Tiré por la calle de en medio y me decidí por la capital del reino, allí tendría más posibilidades, y así, fui engullido por ese tremendo monstruo de cuerpos sin identidad que iban y venían en una vorágine de locura y aceleración. Al poco tiempo me di cuenta que la capital ya no era la panacea con la que cualquier chico de pueblo soñaba, vaya que ya no te servía venir con el hatillo con los chorizos y jamones que te preparaba mamá y por arte de birlibirloque y como tanto les gustaba alardear en las películas de los sesenta del recurrente, pero siempre genial, Paco Martínez Soria, y alguien te abría las puertas a un futuro brillante o, en el peor de los casos, cómodo. El vini, vidi, venci, se había quedado tan obsoleto como el propio Julio Cesar.

Tras dos meses tirando de los ahorrillos al final pude encontrar un trabajo de comercial, je,je,je. A buena cosa le llaman ser comercial, vamos que mi trabajo se limitaba a repartir publicidad por los buzones, algo muy cansado para las suelas de los zapatos y muy poco rentable para el bolsillo.
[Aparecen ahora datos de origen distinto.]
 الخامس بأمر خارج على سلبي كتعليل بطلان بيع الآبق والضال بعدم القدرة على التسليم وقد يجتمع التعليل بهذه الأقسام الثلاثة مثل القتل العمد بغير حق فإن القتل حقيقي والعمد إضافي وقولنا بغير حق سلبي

Y ¿vivir?, ¿dónde podría encontrar algo habitable con el poco dinero que me dejaba limpio mis constantes visitas al zapatero para reponer las suelas. La solución me la dio un camarada publicista y tan comercial desgraciado como yo: «Chaval, ni te lo pienses, lo ideal es un camping;  ahora es lo que funciona para los que, como nosotros, vivimos por debajo del sueldo mínimo. Por poco dinero puedes alquilar una cabaña, eso es lo mejor para tu economía, es como vivir en un chalet adosado, pero mucho más barato».
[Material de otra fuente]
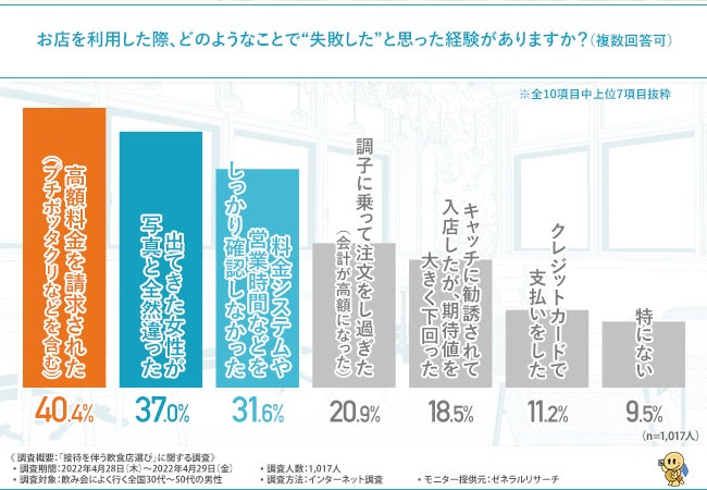 そこで、「お店を利用した際、どのようなことで“失敗した”と思った経験がありますか?(複数回答可)」と質問したところ、『高額料金を請求された(プチボッタクリなどを含む)(40.4%)』と回答した方が最も多く、次いで『出てきた女性が写真と全然違った(37.0%)』『料金システムや営業時間などをしっかり確認しなかった(31.6%)』と続きました。

Y así terminé con mis huesos maltrechos, más que nada, de humillación, en un solar a las afueras de Madrid. Eso sí, en los alrededores no nos faltan árboles que nos dan sombra en verano, no muchos, pero suficientes y tenemos unas bonitas vistas de la sierra madrileña, algo es algo. La piscina en verano parece más bien una bañera, por la cantidad de gente allí acumulada, pero, al menos, puedo mojarme los pies doloridos de tanto paseo diario.
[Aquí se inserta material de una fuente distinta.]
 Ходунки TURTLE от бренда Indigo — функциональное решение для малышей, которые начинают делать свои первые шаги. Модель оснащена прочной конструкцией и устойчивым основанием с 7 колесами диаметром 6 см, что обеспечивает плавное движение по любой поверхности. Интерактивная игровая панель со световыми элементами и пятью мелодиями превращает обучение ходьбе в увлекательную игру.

No me quejo, no se vive tan mal, al fin y al cabo las estrecheces de cabañas, caravanas y tiendas de campañas hacen que estemos más unidos. Como en todos los sitios hay de todo, gente mejor y peor, pero lo bueno es que aquí nadie te mira por encima del hombro, ni te insulta, como me pasó a mí en mi querido pueblo. En realidad, nos hemos convertido en una familia porque casi todos, salvando algún caso aparte, hemos conocido tiempos mejores pero sabemos que todo es efímero y que al igual que crees llegar a la meta de tus sueños, un día cierras los ojos y de repente te ves que no es que hayas bajado un escalón, es que has caído en picado al siguiente rellano. Y eso que es una gran putada, no lo voy a negar, te enseña que vivir significa estar siempre inmerso en una ola de altos y bajos, que hoy estemos arriba no significa que mañana podamos desplomarnos.

Me he dado cuenta que esa sociedad estable que consiguieron mis abuelos y mis padres, ya no existe. Esa vida cómoda y lineal pasó a la historia como pasaron las cruzadas, la Revolución Francesa o las guerras mundiales. Ahora nos toca adaptarnos a las circunstancias y no que las circunstancias se adapten a nuestras necesidades. Hoy sé donde estoy y no me arrepiento ni me avergüenzo, yo lo he elegido, podía haber seguido con la trampa e incluso haber llegado a alcalde y estar viviendo en una hermosa casa unifamiliar con todas las comodidades del mundo. He renunciado a todo eso por mi libertad, por mi coherencia, porque valoro más estar en paz conmigo mismo que cualquier triunfo social que no venga del trabajo, el esfuerzo y la honradez.

Que soy un tonto, seguramente, pero soy un tonto feliz. Hoy estoy aquí, mañana, mañana ni lo sé ni me importa. De lo único que estoy convencido es que ya dado este paso, haré lo que quiera hacer, mejor o peor, pero sin presiones, sin engaños, sin aprovecharme de nada ni de nadie y sobre todo sin engañar, sin prometer nada que no pueda (o lo que es peor) no quiera cumplir. Soy Joaquín Ridruejo Martínez: estudiante brillante, político fracasado, comercial mal pagado y explotado, pero ciudadano con libertad para dirigir mi vida y mis acciones y, sobre todo, campista convencido.